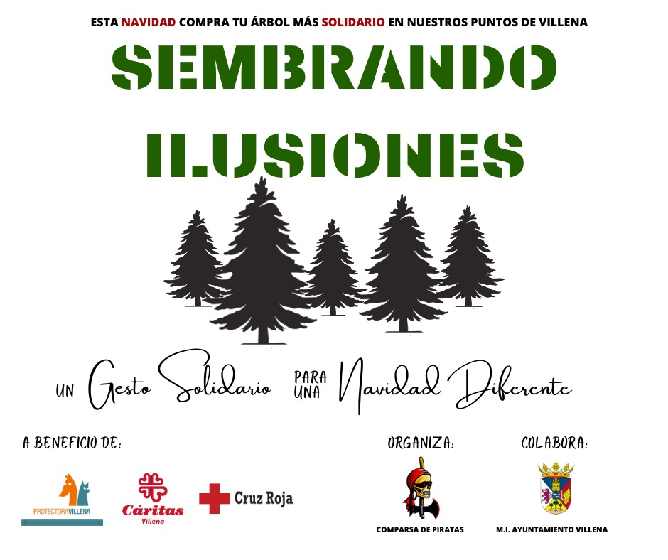 Adquiriendo nuestro arbolito solidario por tan solo 6 euros estarás colaborando con Protectora de Animales de Villena, Cruz Roja Española y Cáritas Villena. Asociaciones que luchan día a día sin descanso por conseguir un mundo másigualitario. Pero, además, con esta acción contribuirás a cuidar el medio ambiente.
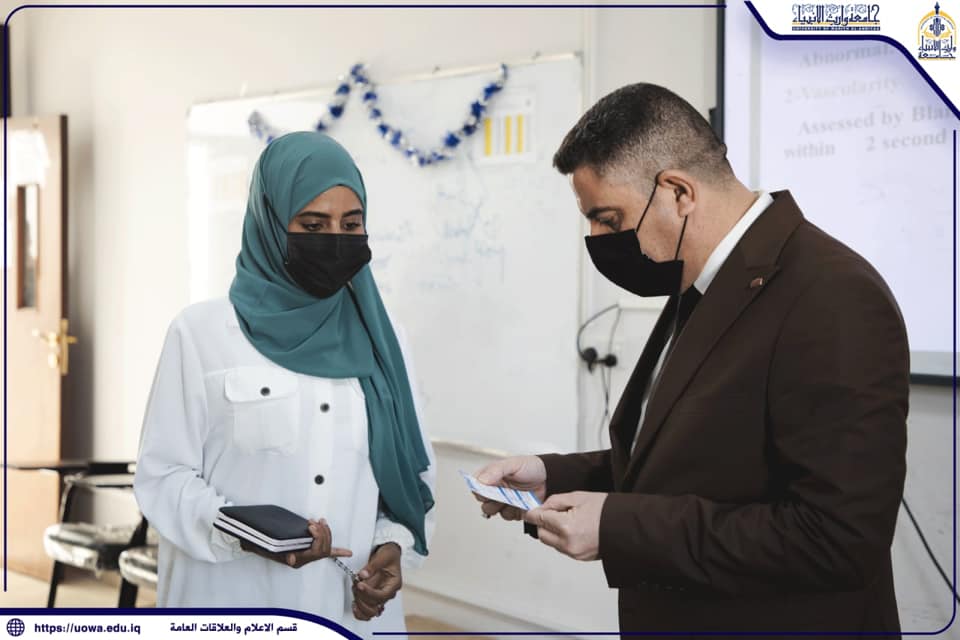 حرصاً على الاهتمام بدروس التطبيق العملي ولما له من اثر في تخريج ممرضين ماهرين تفقد السيد عميد كلية التمريض في جامعة وارث الانبياء(عليه السلام) الاستاذ المساعد الدكتور مرتضى غانم عداي دروس التطبيق العملي لطلبة كلية التمريض في مختبرات الكلية مع التأكيد على الالتزام بالاجراءات الوقائية وإظهار كارات اللقاح من قبل الطلبة.
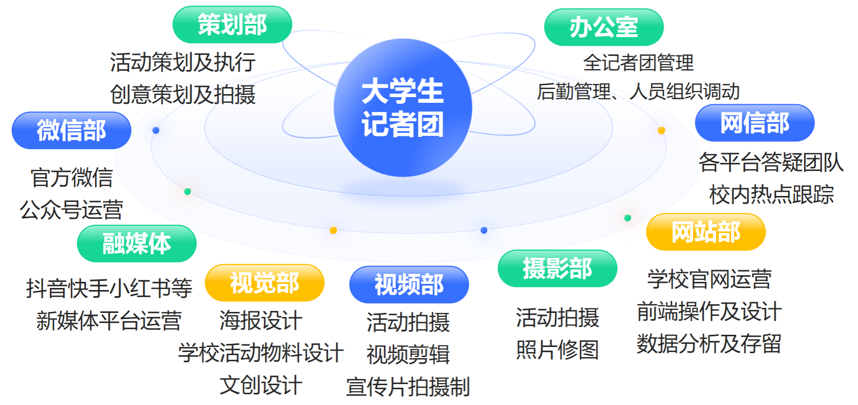 因为对文字的热爱,我们在此相遇;因为对真相的追求,我们并肩前行。beat365在线唯一官网大学生记者团创立于2015年,云集众多摄影、写作、视频制作爱好者,是一个可以展现自己才华,不断挑战自我的大家庭。团内成员中不乏计算机软件高手、拍摄剪辑大拿,而且每周举办相关技能培训,在不断的学习中稳步提升水平。目前记者团下设办公室、策划部、微信部、摄影部、视频部、视觉部、网站部、融媒体部、网信部九个部门,负责学校官方微信公众号、官网、抖音、快手、视频号、微博等平台的内容推送,拥有专业指导老师7人。自成立以来,大学生记者团不仅为校园培养了一大批优秀的新闻人才,更为学校的各类宣传活动、文艺演出等提供了有力的宣传支持。在这里,我们用心记录校园的每一个精彩瞬间;在这里,我们用文字书写青春的每一份感动与收获。大学生记者团,期待你的加入,让我们一起用镜头捕捉美好,用笔触描绘未来,共同书写属于我们的青春篇章!
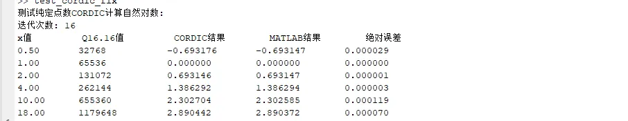 测试结果显示,对于0.5到18的输入范围,定点CORDIC与MATLAB内置log函数的误差极小,验证了算法的正确性。
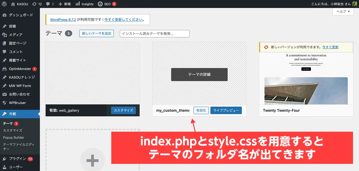 - 「外観」→「テーマ」から「My Custom Theme」を有効化。
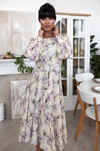Дуже витончена та ніжна сукня, що здатна створювати легкі образи та надавати Вам ще більшого шарму. Даний виріб вирізняється ніжним принтом ( квітковим) та однотонною основою сукні.

▶ _Exercise details_
Reprint each of the records exactly and skip the images.

▶ _Exercise response_
 Adquiriendo nuestro arbolito solidario por tan solo 6 euros estarás colaborando con Protectora de Animales de Villena, Cruz Roja Española y Cáritas Villena. Asociaciones que luchan día a día sin descanso por conseguir un mundo másigualitario. Pero, además, con esta acción contribuirás a cuidar el medio ambiente.
 حرصاً على الاهتمام بدروس التطبيق العملي ولما له من اثر في تخريج ممرضين ماهرين تفقد السيد عميد كلية التمريض في جامعة وارث الانبياء(عليه السلام) الاستاذ المساعد الدكتور مرتضى غانم عداي دروس التطبيق العملي لطلبة كلية التمريض في مختبرات الكلية مع التأكيد على الالتزام بالاجراءات الوقائية وإظهار كارات اللقاح من قبل الطلبة.
 因为对文字的热爱,我们在此相遇;因为对真相的追求,我们并肩前行。beat365在线唯一官网大学生记者团创立于2015年,云集众多摄影、写作、视频制作爱好者,是一个可以展现自己才华,不断挑战自我的大家庭。团内成员中不乏计算机软件高手、拍摄剪辑大拿,而且每周举办相关技能培训,在不断的学习中稳步提升水平。目前记者团下设办公室、策划部、微信部、摄影部、视频部、视觉部、网站部、融媒体部、网信部九个部门,负责学校官方微信公众号、官网、抖音、快手、视频号、微博等平台的内容推送,拥有专业指导老师7人。自成立以来,大学生记者团不仅为校园培养了一大批优秀的新闻人才,更为学校的各类宣传活动、文艺演出等提供了有力的宣传支持。在这里,我们用心记录校园的每一个精彩瞬间;在这里,我们用文字书写青春的每一份感动与收获。大学生记者团,期待你的加入,让我们一起用镜头捕捉美好,用笔触描绘未来,共同书写属于我们的青春篇章!
 测试结果显示,对于0.5到18的输入范围,定点CORDIC与MATLAB内置log函数的误差极小,验证了算法的正确性。
 - 「外観」→「テーマ」から「My Custom Theme」を有効化。
Дуже витончена та ніжна сукня, що здатна створювати легкі образи та надавати Вам ще більшого шарму. Даний виріб вирізняється ніжним принтом ( квітковим) та однотонною основою сукні.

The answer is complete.